To put it another way: while my database might not be useful for many projects other than PARP:PS, I am pretty certain that my dataset will be useful for comparison to other projects at Pompeii or in Italy in general.

Getting back to Bill’s dilemma. His two options, as he expressed them, are to “develop a data structure best suited to answer our immediate research questions…On the other hand, I could imagine a data structure (undoubtedly more complex) best suited to preparing the Polis data for some form of digital publication (or at least archival storage).  Few projects in the Eastern Mediterranean with a Byzantine focus have made their data publicly available. In this regard, the Polis data could be an important step toward making stratigraphic, typological, and chronological data from the Byzantine period available in digital form.  At the same time,the two Early Christian churches represent just one part of a much larger and more complex site. Taking the time to produce a thorough and well-structured dataset could be a fool’s errand if it ends up being incompatible with other work ongoing at the site or finds very few comparable datasets elsewhere in the region.”

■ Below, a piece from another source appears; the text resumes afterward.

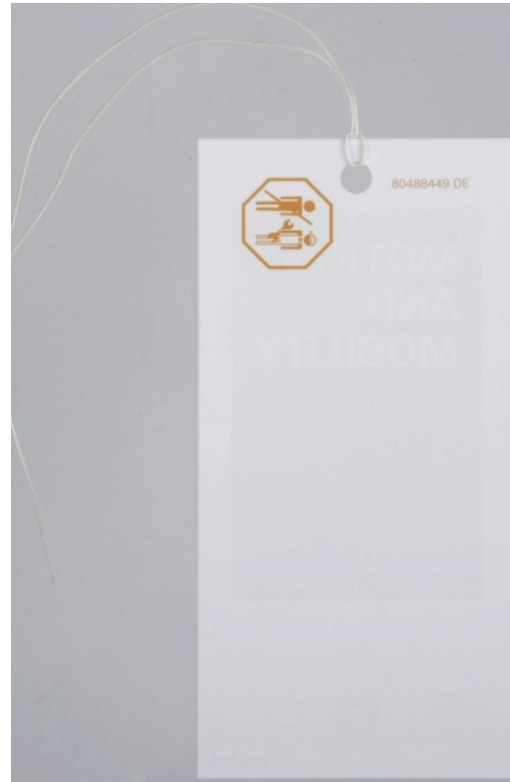
Abb./Fig. 2: Ersatzteilhänger Rückseite/Spare parts tag, back side/face arrière de l'étiquette de pièce de rechange/parte trasera de la etiqueta del repuesto

From my perspective this is an easy decision to make, although I haven’t seen any of the data. The more attention given to the structure of the data set is directly related to your ability to use distinct parts of that data set for analysis. It is my experience in fieldwork that inelegant solutions (Bill’s term) exist because no one has spent a great deal of time and energy to produce a more elegant one. Sometimes a project is looking for someone like Bill to show them the benefits of a better designed data structure. I have been on both sides of that conversation: I have created data structures that have been adopted by the larger project and I have incorporated data structures that others want to use in my own. I find that they key is to prove the benefits of the new solution and the conclusion becomes obvious. The issue of comparable datasets outside of the project isn’t, of course, Bill’s problem. If he is the first one to make such a tool available, and he publishes his data structure, it is up to those following him to try to make their data comparable.

Much of this is to say that I am shifting to posting about databases for the next few weeks. I will post a clone of the PARP:PS database in its current form (it is, of course, unfinished) as well as the files necessary to put the database on an iPad using FMTouch. The database is a complex beast and I don’t expect people to understand it right away, but I do plan on a series of posts explaining parts of the database in more detail.